Usually, we can distract ourselves to the point where we are unaware of our internal warfare. Our culture supplies virtually infinite ways for distraction. If we cannot manage to amuse ourselves, then we become anxious and fidgety. The French philosopher Blaise Pascal wrote, “All of humanity’s problems stem from (our) man’s inability to sit quietly in a room alone for half an hour.” [3]


Because of the unwillingness to face our internal wars, we have created many external wars. Denial and suppression push violence into the unconscious, where it inevitably expresses itself in our life and the world.

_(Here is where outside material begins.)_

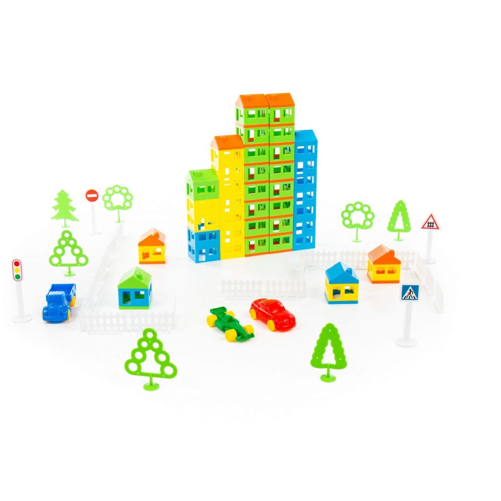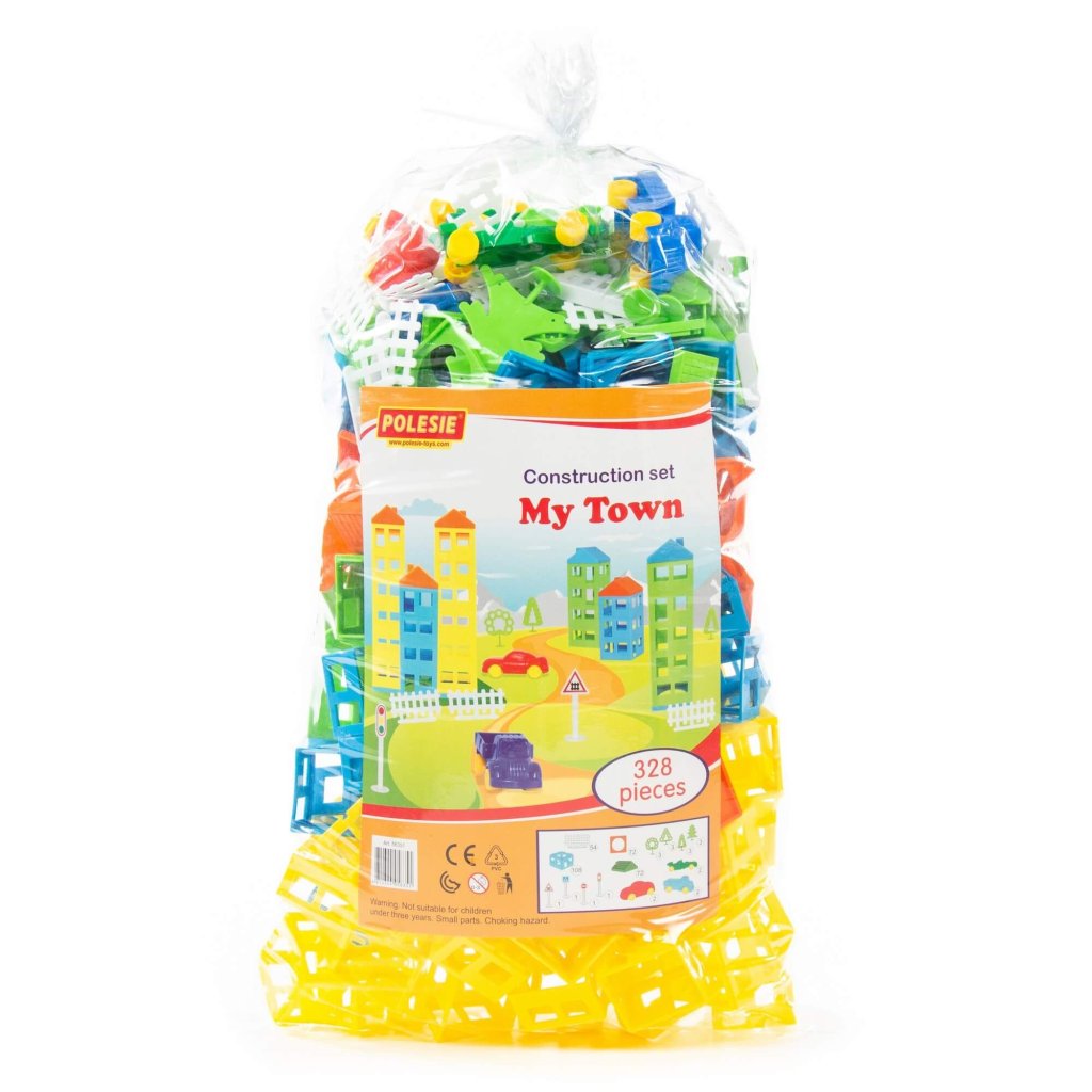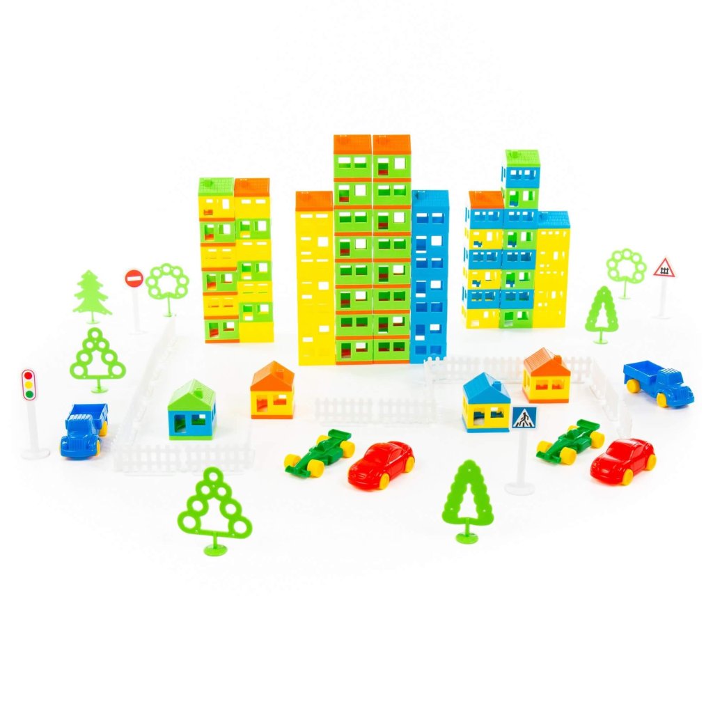 Stavebnica Moje mesto. V balení je 328 častí na postavenie mesta či dedinky. Základný diel je štvorec s oblokmi a dverami so stranou 5 cm a výškou 3 cm. Z týchto 108 častí a 72 strešnými časťami postavíme mesto, spolu s 54 časťami plota, 12 stromami, 6 autami a 4 dopravnými značkami. Hračka podporuje rozvoj jemnej motoriky, rozvoj základných stavebno technických zručností a návykov ako aj kreativity. Rozmer (cm)

Living mindfully will make us conscious of our buried conflicts and hidden inner wars. Living fully in the present reveals how warfare originates within our own self.
Let’s imagine a future scenario:


Two longstanding enemies agree to sit down to drink tea together. X says, I hate you; I wish to destroy you. Y says, I hate you too, and I wish to destroy you as well!

Now what?


The Mediator chimes in, “Well, you both agree on one thing– you each feel hatred for one another. What if each of you explored your own experience of hatred?”

Okay. Okay.


As each party explores their experience of hatred, they see that it leads to rage, then to fear, then to helplessness, then to sadness, and then to grief. Each begins to cry. As they let their tears mingle, they each see that there is no essential difference between their tears—nor the source of their tears.


Perhaps if we could let our tears mingle over a cup of tea, we would have less need to have our blood mingle on a battleground.


[1]Emersons Essays, Essay on History. Thomas Y Crowell, NY. 1926., p5.
[2] The Prophet. On Freedom. Alfred Knopf, 1994.